Brideshead Revisited(69)



‘He’s so patient. Not like a young man at all. He ties there and never complains — and there is much to complain of. We have no facilities. The Government give us what they can spare from kind. There is a poor German boy with the soldiers. And he is so kind. There is a poor German boy with a foot that will not heal and secondary syphilis, who comes here for treatment. Lord Flyte found him starving in Tangier and took him in and gave him a home. A real Samaritan.’

‘Poor simple monk,’ I thought, ‘poor booby.’ God forgive me!

Sebastian was in the wing kept for Europeans, where the beds were divided by low partitions into cubicles with some air of privacy. He was lying with his hands on the quilt staring at the wall, where the only ornament was a religious oleograph.

‘Your friend,’ said the brother.

He looked round slowly.

‘Oh, I thought he meant Kurt. What are you doing here, Charles?’

He was more than ever emaciated; drink, which made others fat and red, seemed to wither Sebastian. The brother left us, and I sat by his bed and talked about his illness.

‘I was out of my mind for a day or two,’ he said. ‘I kept thinking I was back in Oxford. You went to my house? Did you like it? Is Kurt still there? I won’t ask you if you liked Kurt; no one does. It’s funny — I couldn’t get on without him, you know.’

Then I told him about his mother. He said nothing for some time, but lay gazing at the oleograph of the Seven Dolours. Then:

‘Poor mummy. She really was a femme fatale, wasn’t she? She killed at a touch.’

I telegraphed to Julia that Sebastian was unable to travel and stayed a week at Fez, visiting the hospital daily until he was well enough to move. His first sign of returning strength, on the second day of my visit, was to ask for brandy. By next day he had got some, some how, and kept it under the bedclothes.

The doctor said: ‘Your friend is drinking again. It is forbidden here. What can I do? This is not a reformatory school. I cannot police the wards. I am here to cure people, not to protect them from vicious habits, or teach them self-control. Cognac will not hurt him now. It will make him weaker for the next time he is ill, and then one day some little trouble will carry him off, pouff. This is not a home for inebriates. He must go at the end of the week.’

The lay-brother said: ‘Your friend is so much happier today, it is like one transfigured.’
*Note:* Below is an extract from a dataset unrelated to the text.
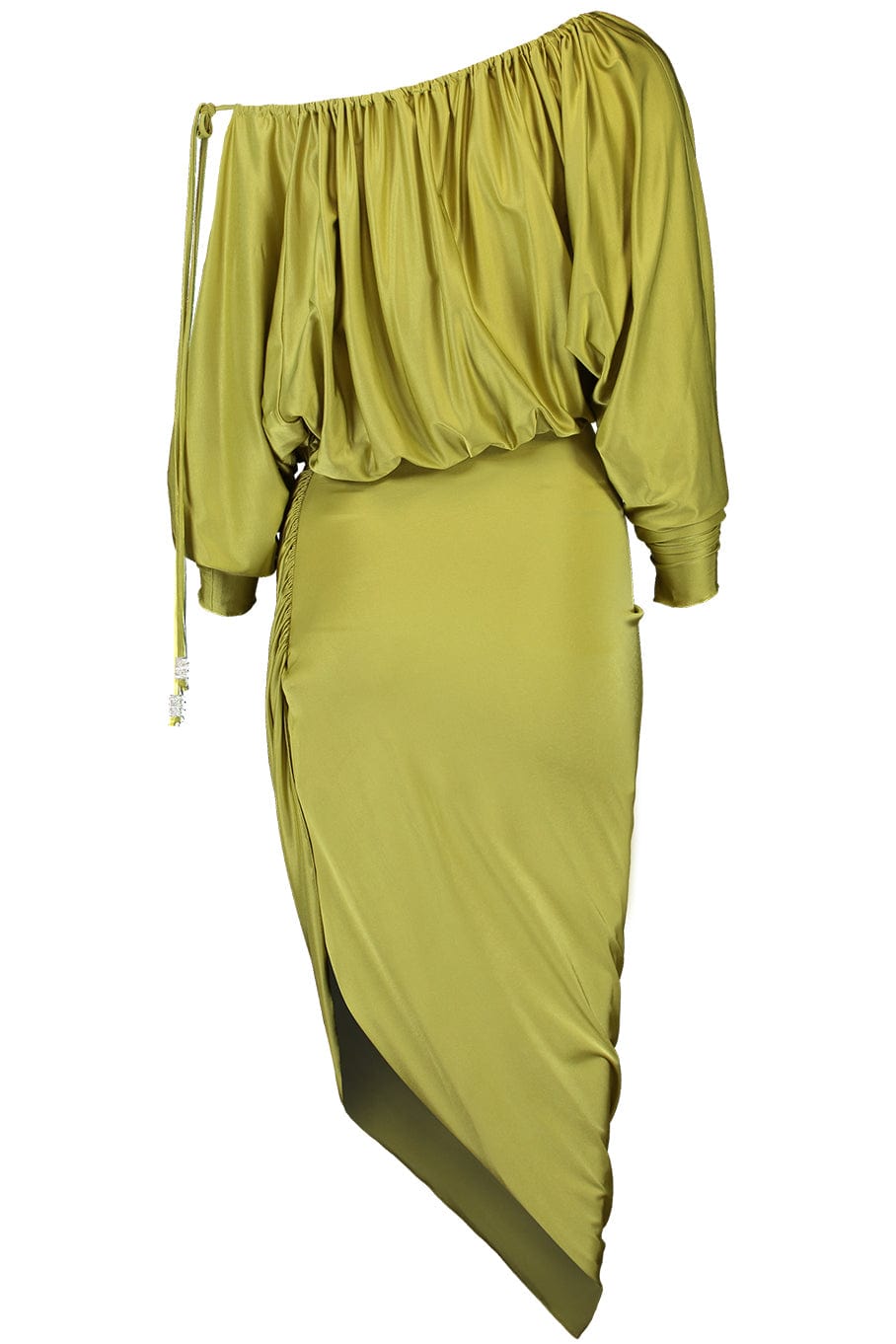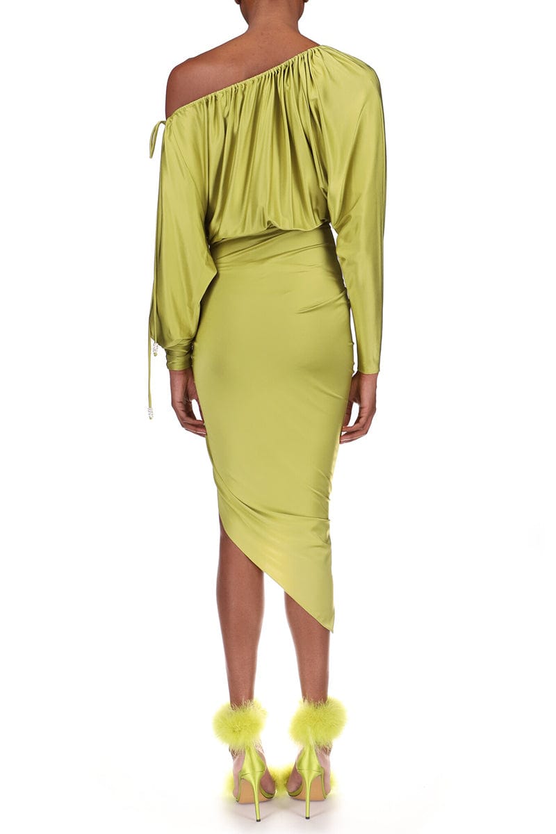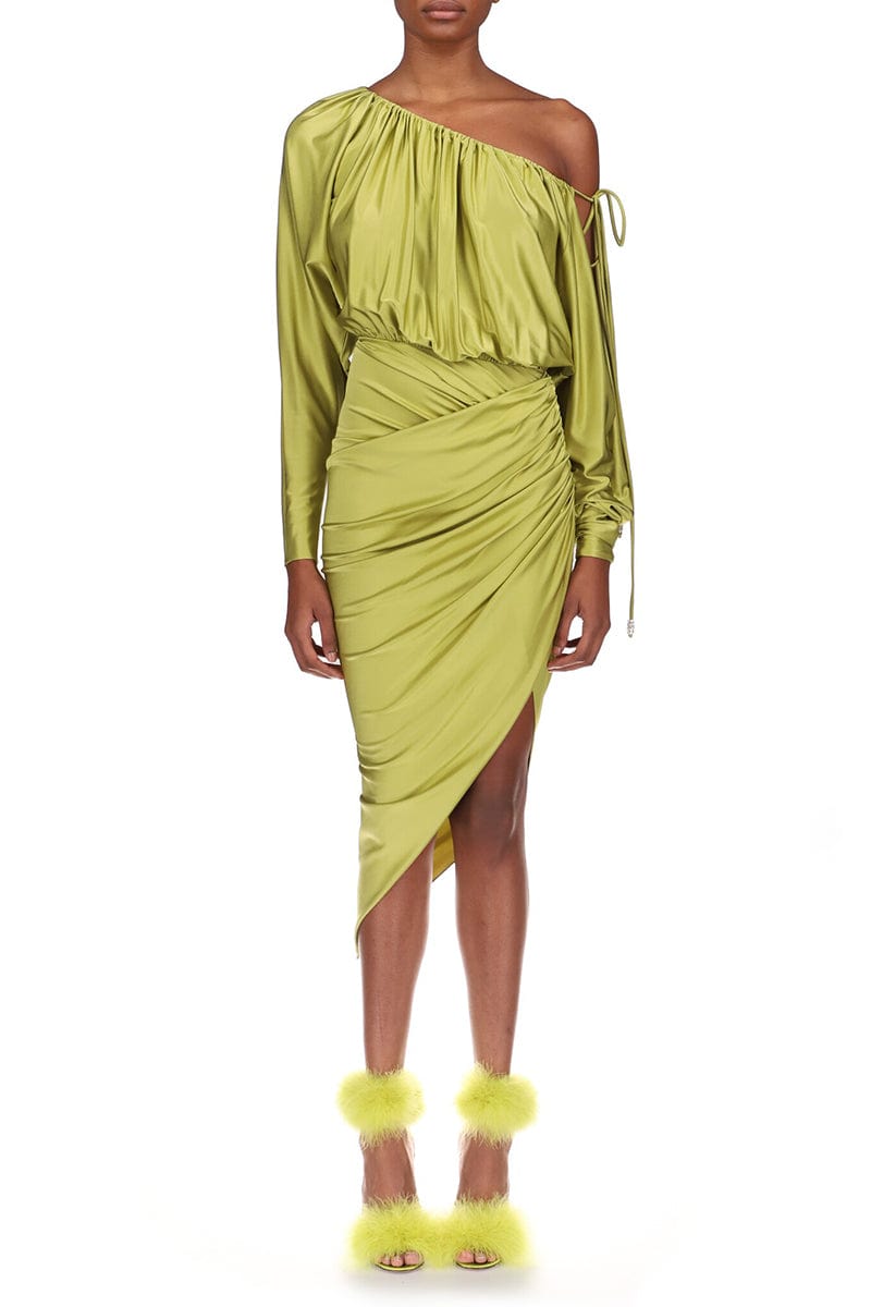 Alexandre Vauthier one shoulder dress in lemon grass.

‘Poor simple monk,’ I thought, ‘poor booby’; but he added, ‘You know why? He has a bottle of cognac in bed with him. It is the second I have found. No sooner do I take one away than he gets another. He is so naughty. It is the Arab boys who fetch it for him. But it is good to see him happy again when he has been so sad.’

On my last afternoon I said, ‘Sebastian, now your mother’s dead’ — for the news had reached us that morning — ‘do you think of going back to England?’

‘It would be lovely, in some ways,’ he said, ‘but do you think Kurt would like it?’

‘For God’s sake,’ I said, ‘you don’t mean to spend your life with Kurt, do you?’

‘I don’t know. He seems to mean to spend it with me. “It’th all right for him, I reckon, maybe,”‘ he said, mimicking Kurt’s accent, and then he added what, if I had paid more attention, should have given me the key I lacked; at the time I heard and remembered it, without taking notice. ‘You know, Charles,’ he said, ‘it’s rather a pleasant change when all your life you’ve had people looking after you, to have someone to look after yourself. Only of course it has to be someone pretty hopeless to need looking after by me.’

I was able to straighten his money affairs before I left. He had lived till then by getting into difficulties and then telegraphing for odd sums to his lawyers. I saw the branch manager of the bank and arranged for him, if funds were forthcoming from London, to receive Sebastian’s quarterly allowance and pay him a weekly sum of pocket money with a reserve to be drawn in emergencies. This sum was only to be given to Sebastian personally, and only when the manager was satisfied that he had a proper use for it. Sebastian agreed readily to all this.

‘Otherwise,’ he said, ‘Kurt will get me to sign a cheque for the whole lot when I’m tight and then he’ll go off and get into all kinds of trouble.’

I saw Sebastian home from the hospital. He seemed weaker in his basket chair than he had been in bed. The two sick men, he and Kurt, sat opposite one another with the gramophone between them.

‘It was time you came back,’ said Kurt. ‘I need you.’

‘Do you, Kurt?’

‘I reckon so. It’s not so good being alone when you’re sick. That boy’s a lazy fellow — always slipping off when I want him. Once he stayed out all night and there was no one to make my coffee when I woke up. It’s no good having a foot full of pus. Times I can’t sleep good. Maybe another time I shall slip off, too, and go where I can be looked after.’ He clapped his hands but no servant came. ‘You see?’ he said.

‘What d’you want?’

‘Cigarettes. I got some in the bag under my bed.’

Sebastian began painfully to rise from his chair.

‘I’ll get them,’ I said. ‘Where’s his bed?’

‘No, that’s my job,’ said Sebastian.